Over 15% of survey respondents with supply chain issues believed bad data added between 11% and 20% to the cost of operating their supply chain.Let’s use 20% in our thought experiment, to yield a nice round number.

Understanding the total cost of managing a supply chain is a non-trivial exercise. Industry body The Supply Chain Council has defined The Supply Chain Operations Reference (SCOR®) model. According to that reference model, Supply Chain Management Costs include the costs to plan, source, and deliver products and services. The costs of making products and handling returns are captured in other aggregations.

For a manufacturing firm with a billion dollar revenue stream, the total costs of managing a supply chain will be around 20% of revenue, or $200,000,000 USD. Reducing this cost by 20% would mean an annual saving $40,000,000 USD. That would be a significant savings, for a data cleanup and quality sustenance investment of perhaps $3,000,000. The clean-up investment would be a one-time expense. If the $40,000,000 were a one time savings, the ROI would be 1,3333%.
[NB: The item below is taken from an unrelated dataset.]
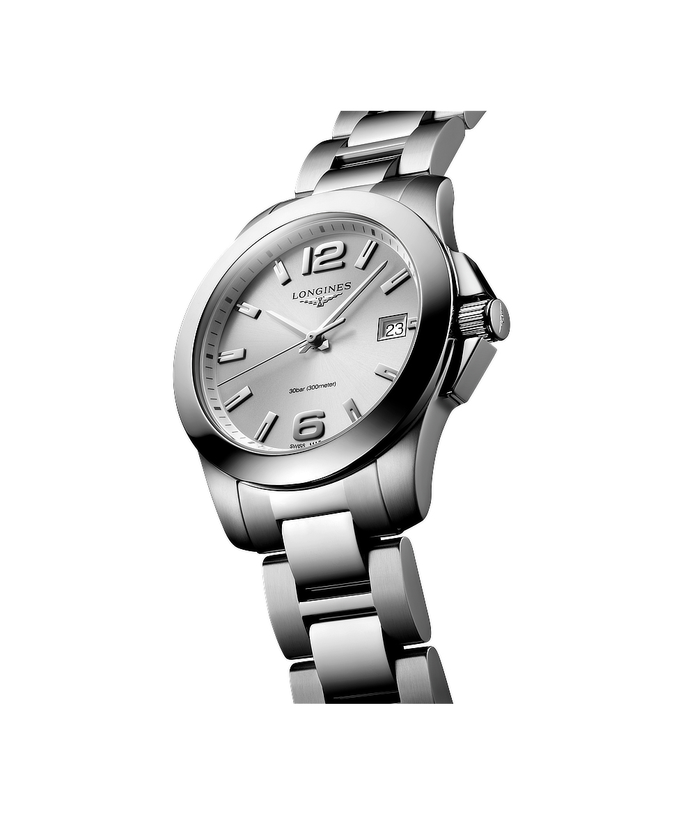 L'orologio Longines Conquest 34mm Argento Acciaio Quarzo si distingue per la sua cassa in Acciaio dal diametro di 34 mm. Il design è incentrato sul quadrante Argento, protetto da un resistente vetro in Zaffiro che assicura massima chiarezza.

But wait, it is better than that. The $40,000,000 savings recurs annually. The payback period is measured in months. The ROI is enormous. Having clean data pays big dividends!

If you think the one-time “get it right and keep it right” investment would be more like $10,000,000 USD, your payback period would still be measured in months, not years. Let’s add a 20% additional cost or $2,000,000 USD in years 2-5 for maintenance and additional quality work. That means you would have spent $18,000,000 USD in 5 years to achieve a savings $200,000,000. That would be greater than a 10-times return on your money! Not too shabby an investment, and your partners and stakeholders would be saving money too. This scenario is really a win-win situation, right down the line to your customers.

The Corcardia Group believes that total supply chain costs for hospitals approach 50% of the hospital’s operating budget. For a hospital with a $60,000,000 USD annual operating budget, a 20% savings means $12,000,000 USD would be freed for other uses, like curing patients and preventing illness.

Even Better…

For manufacturers, hospitals, and other supply chain participants, ridding themselves of bad data will produce still better returns. By cleaning up the data throughout the supply chain, it is likely that costs would go down while margins would improve. The product costs for participants could drop. Firms might realize an additional 5% cost savings from this as well. Their return is even better.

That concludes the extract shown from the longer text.